Dish Network's receiver software page shows current version 001E as initial software released 1-22-07 for the Q-BOX. Anyone know what a "Q-BOX" is? I thought it might be the receiver for MobileDISH, but 001E looks more like a test version number than a release number. Sure enough, a check of the "just a mention" thread finds:


P Smith said:


> DN [email protected] Current FW list:
> <snip many>
> PID: 08F2h, ID: PKTC, FW: 001E, Model: ViP622
> Wed Jan 10 12:53:23 2007


That leads me to think this is just a new feature being tested, and listing it on the S/W page is a mistake. So if the box is a 622, what makes it a Q?


----------



## churoval (Aug 2, 2005)

BobaBird said:


> Dish Network's receiver software page shows current version 001E as initial software released 1-22-07 for the Q-BOX. Anyone know what a "Q-BOX" is? I thought it might be the receiver for MobileDISH, but 001E looks more like a test version number than a release number. Sure enough, a check of the "just a mention" thread finds:That leads me to think this is just a new feature being tested, and listing it on the S/W page is a mistake. So if the box is a 622, what makes it a Q?

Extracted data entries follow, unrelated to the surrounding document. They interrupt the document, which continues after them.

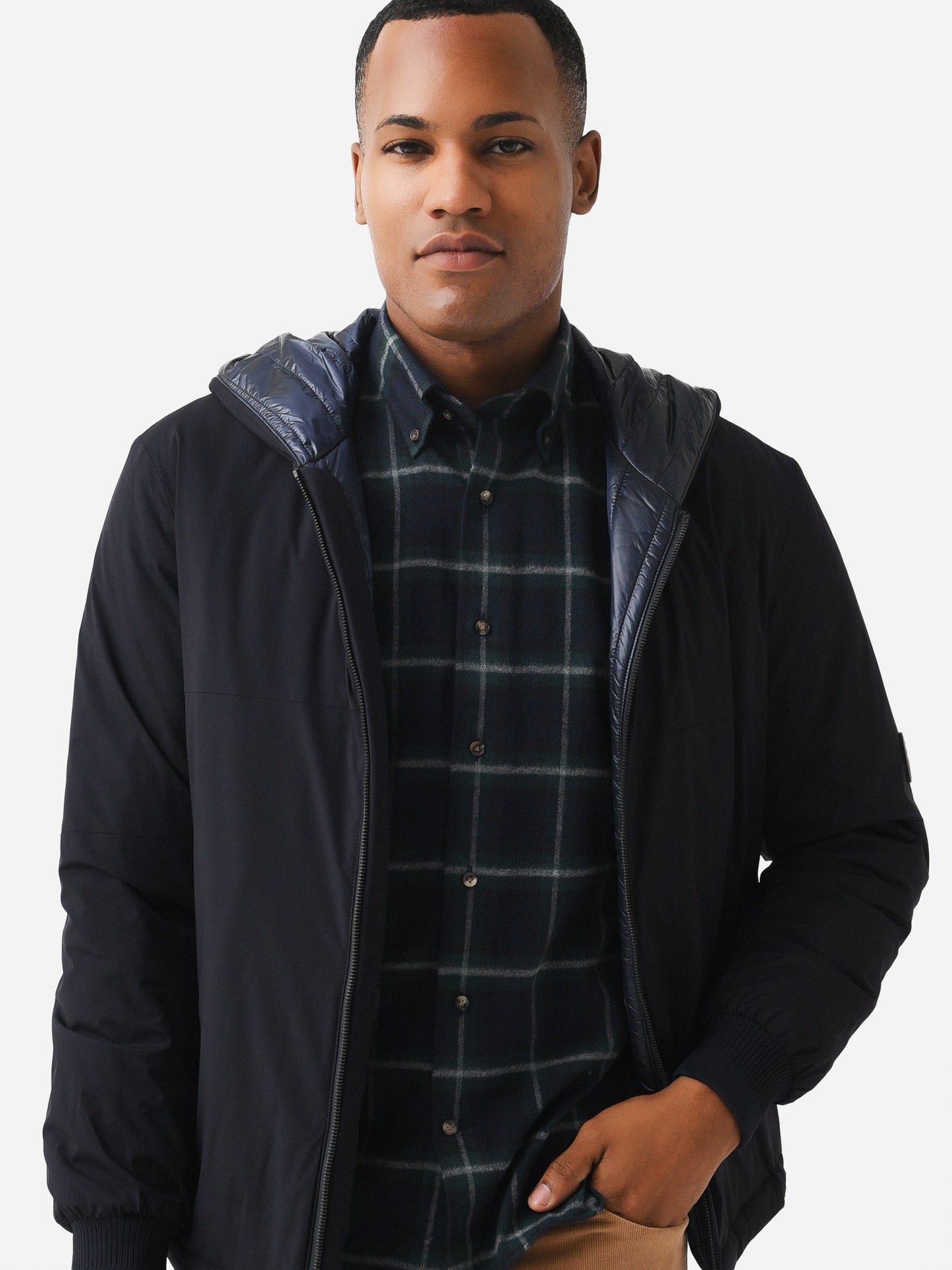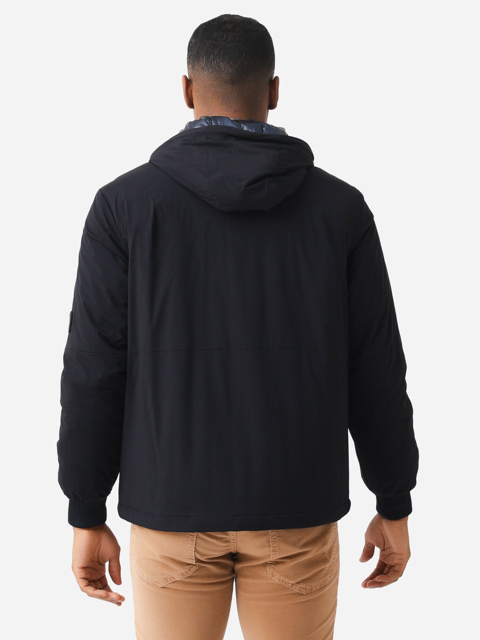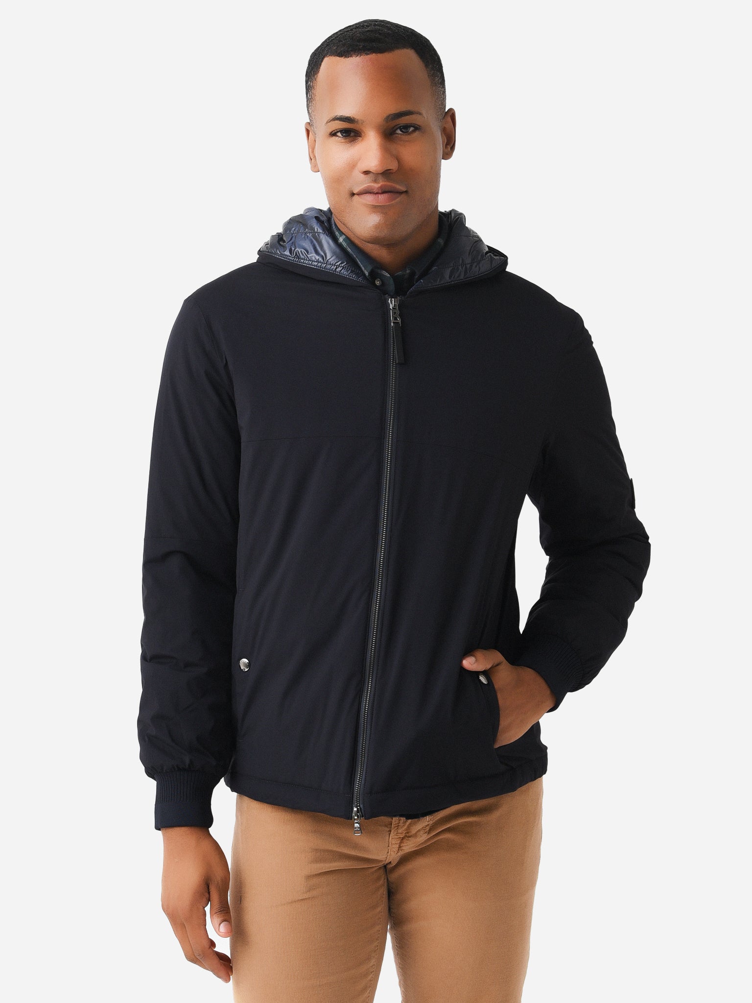 Casual jacket with a two-way zip closure and synthetic insulation.
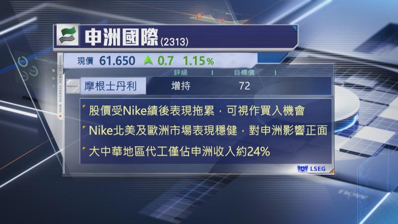 【Now財經台】Nike公布業績後,股價當日急瀉逾10%,拖累申洲國際(02313)股價,不過,摩根士丹利維持申洲目標價及評級不變。
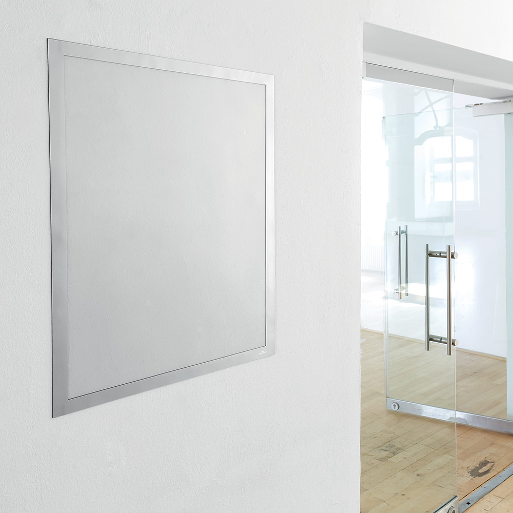 Les cadres ont le même aspect de part et d’autre s’ils sont posés sur une surface vitrée et peuvent être utilisés sur une ou deux faces en format portrait ou paysage.
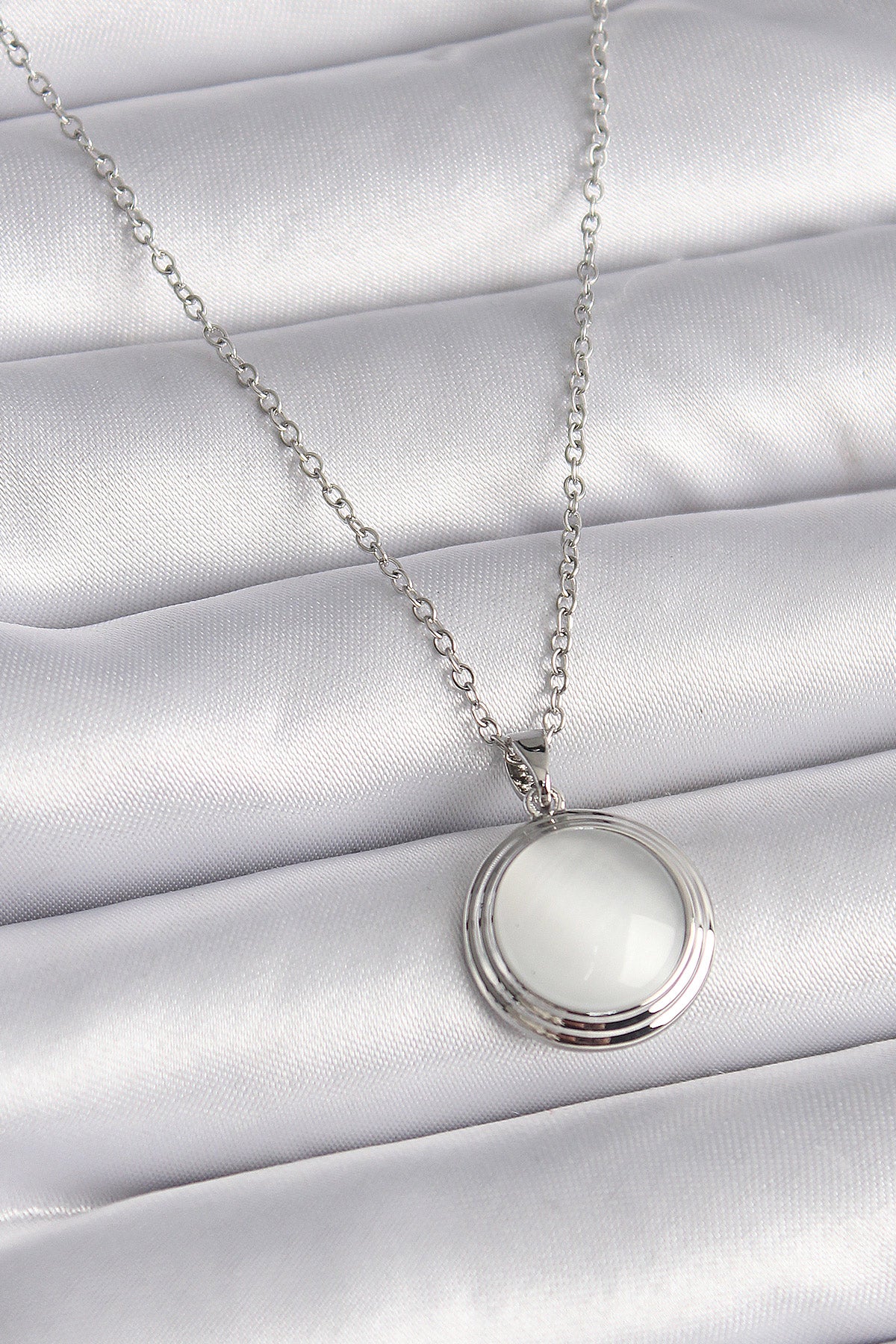 BKO9426 - 316L Çelik Gümüş Renk Beyaz Sedefli Daire Model Kadın Kolye
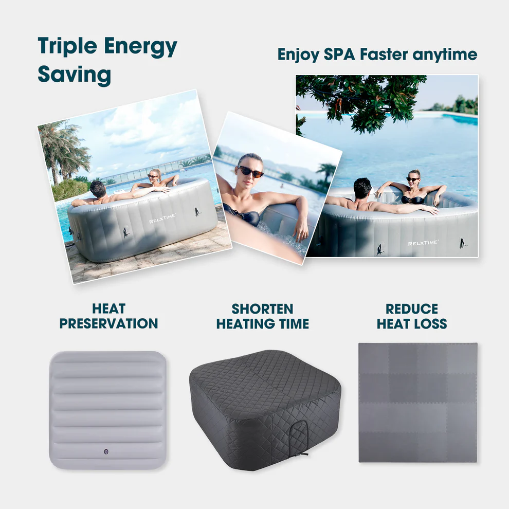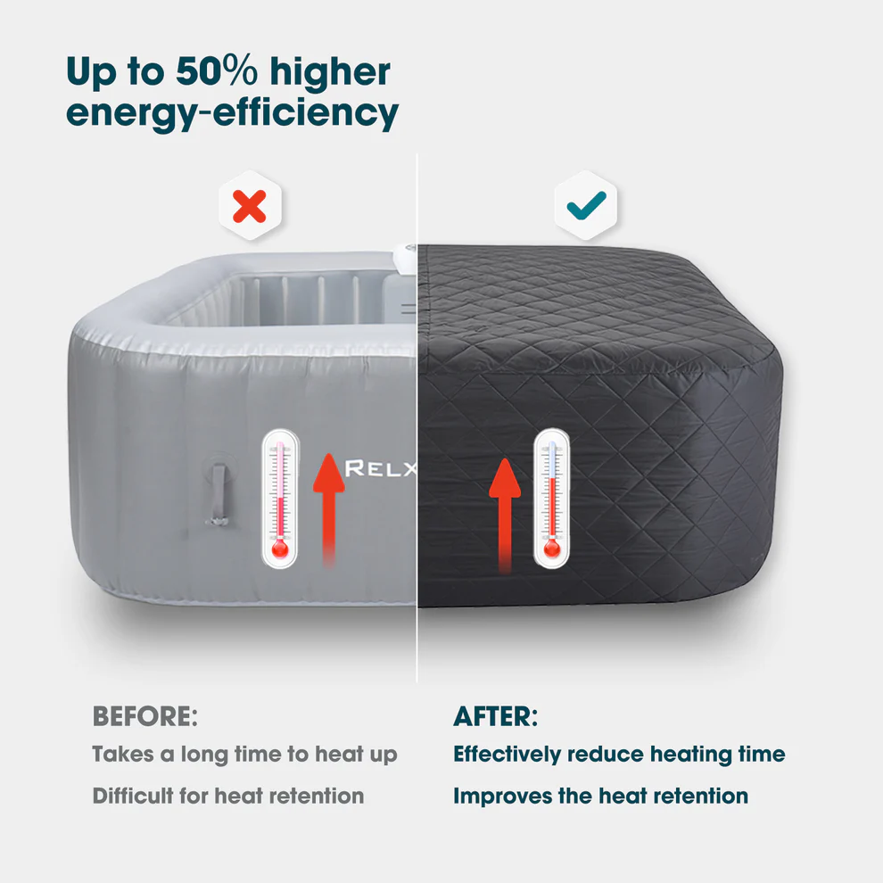 Canadian winters are tough on inflatable hot tubs. Without proper insulation, your tub’s heater works overtime — running longer to compensate for heat escaping through a thin or worn-out cover. The RELXTIME square inflatable hot tub insulation cover uses a high-quality insulated inner coating combined with a waterproof outer fabric layer to hold temperature between uses. You come home from work, and the water is still warm. That’s the difference a proper thermal cover makes.
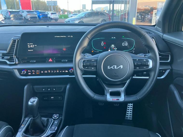 This 2025 Kia Sportage GT Line offers exceptional peace of mind with its Kia warranty valid until April 2032. This stylish SUV features a 1.6 litre petrol hybrid engine, meeting Euro 6 emission standards. Inside, you'll find distinctive GT Line interior styling, complemented by alloy pedals and all round height adjustable headrests. The cabin is further enhanced by a sophisticated black headlining, creating a premium feel. Designed for practicality and ease of use, this Sportage boasts front and rear parking sensors, including dedicated parking assistance for both front and rear, making manoeuvring in tight spaces straightforward. You'll also appreciate the generous boot space, perfect for luggage or shopping. Furthermore, this model benefits from a low insurance group, indicating it is more economical to insure than many comparable vehicles.
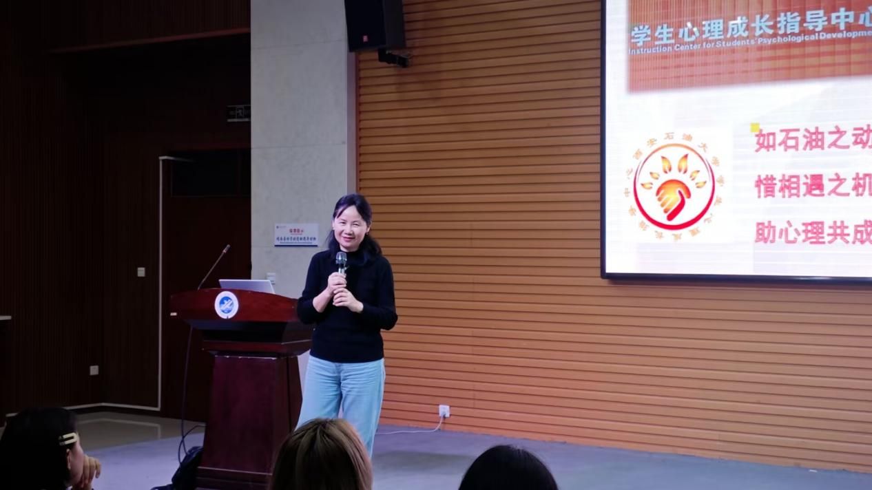 培训活动以“握手”、“言欢”热身开场,活跃了现场培训气氛,大家进入了比较轻松愉悦的状态。随后,肖琼老师介绍了“油缘”心理的“如石油之动力、惜相遇之机缘、助心理共成长”的文化理念,学生心理成长指导中心的场地、设备、人员及咨询预约方等。

The installation instructions look like its for some device that plugs into the receiver.



> 1. The Q-Box software will download on to the 522 or 625.
> 
> 2. Place the receiver into standby. Warning 061 is displayed while receiver downloads Q-Box software and Warning 303 is displayed during transfer from receiver to Q-Box.


----------



## James Long (Apr 17, 2003)

IIRC: A Q-Box is a QAM adapter used for commercial multidrop installs.


----------



## Frostwolf (May 10, 2006)

BobaBird said:


> Anyone know what a "Q-BOX" is?


Its this
http://www.qdev.de/?location=qbox/ppqbox

This kid built his own computer motherboard


----------



## harsh (Jun 15, 2003)

Here's a link: http://tech.dishnetwork.com/departmental_content/TechPortal/content/tech/equipment/qbox.shtml


----------



## BobaBird (Mar 31, 2002)

I completely forgot I had read this was coming but had never seen the details. From the Tech Portal link (thanks harsh),Will software updates download through the Q-Box?
Yes. Both the Q-Box and satellite receiver can receive software updates.​So 001E is either the Q-Box s/w as seen on the web site, or a 622 beta possibly focused on making the 622 use the Q-Box, as the stream P Smith read appears to be showing.

Also adds some baffling restrictions on the use of the 522/625: Single mode only, no shared view, no customer support application in Dish Home.


----------